As the bizarre parade of the human physique that these programmes present unfolded on Saturday (Brucie's chin, Anneka's bottom, Arnie's shoulders, Bruce Willis's stubble), I couldn't help wondering whether the programme controllers would have anything left in their locker if the stars of an autumnal Saturday night were confronted with the same testing technique which was the undoing of Diane Modahl.
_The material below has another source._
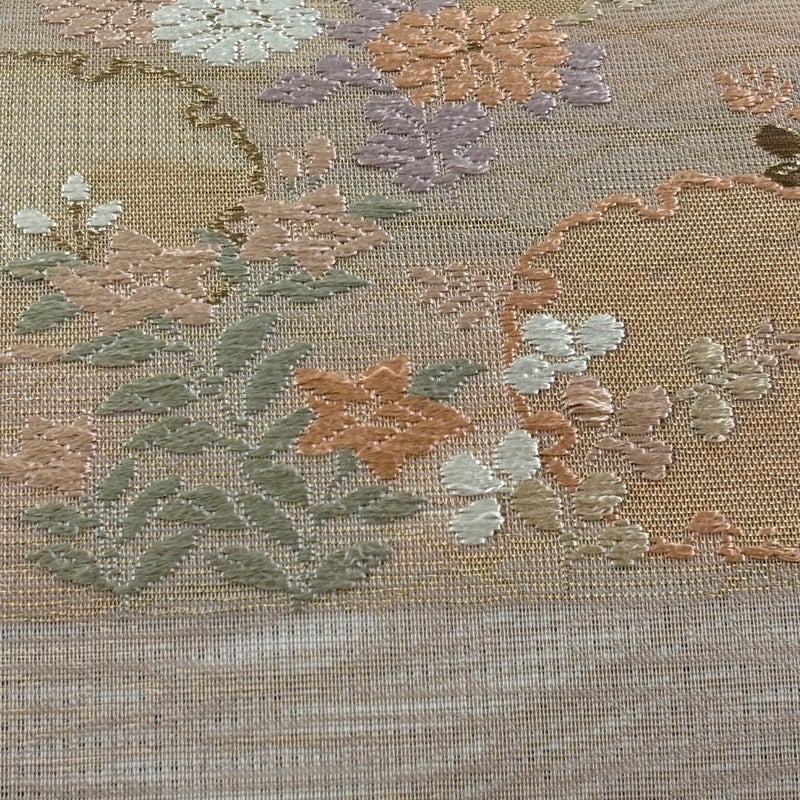 セミフォーマルでお使いいただける夏帯の袋帯でございます。 見る人に重たい印象を感じさせない女性ならではの、気品豊かな一品です。 締め跡がございます。 締め跡沿いに薄汚れ、中無地にシワ、表地所々に刺繍糸の緩みがございます。 リユース品としては良い状態で、まだまだご活用頂けると思われます。 ※なお、厳しく商品の状態確認を行っておりますが、記載の汚れ以外にも見落とし箇所がある可能性がある旨ご了承いただけますと幸いです。 沢山の商品の中からご覧いただき誠にありがとうございます。

Were the stars of Baywatch (ITV), for instance, obliged to fill a phial or two after shooting, their samples would make eye-opening chemical reading. We could discover what substance, entirely absent naturally from the female anatomy, it is that enables those gargantuan breasts of the Baywatch babes to remain static as their owners run, in rock-scored slo-mo, down the sand. We might find out what David Hasselhof uses to overcome the exhaustion inherent in holding in the stomach for such sustained periods. And, equally importantly, learn if it is commercially available in this country.

But the most combustible of the Baywatch urine samples would surely belong to the scriptwriters. What hallucinogen can produce a vision of a public service like the one they have dreamt up of the Los Angeles life-guards?

Halfway through Saturday's opening episode, Hasselhof scrambled his team for an emergency. From nowhere, scores of pneumatics with acid-coloured swimming costumes cut so far up the thigh they ventilated the armpits (and that was just the men), bundled into the sea; half a dozen spanking new four-wheel-drive vehicles scudded to a halt on the sand, disgorging yet more of central casting's most beautiful; out in the bay a speedboat the size of a cross-Channel ferry hove into view to help with the procedure. All this because Hasselhof spotted a child's surfboard in the foam. What efforts, you wondered, would this mob go to if news came through that their supplier's boat had gone down on its way in from Bolivia?

Later on, in Gladiators (ITV), we were confronted with a more plausible vision of the emergency services. It was originally intended to devote most of this scene-building prelude to the real thing, which begins next week, to a report of the international Gladiators event held over the summer in the United States. This was the contest in which the two winners of the last series here in the UK pitched their pecs against the best in the world - well, against the Americans, the Finns and a geezer from Japan.

Since our brave pair were knocked out in the first round of a competition eventually won by the Finns, most of the show was devoted to demonstrating how tough Gladiators really is. Which meant endless shots of collisions in which competitors were hurt.

One woman, after clashing heads with a Gladiator called Anabolic or Testosterone or something, lay spark out on the studio floor for what seemed like minutes. 'This looks serious,' spewed the commentator, John Sachs. And eventually a St John's Ambulance person (with, the waistline would suggest, unnaturally high traces of hot dog still in the system) appeared on the scene. 'Are you all right?' he asked. You could make an autumnal Saturday evening series out of emergency response like that.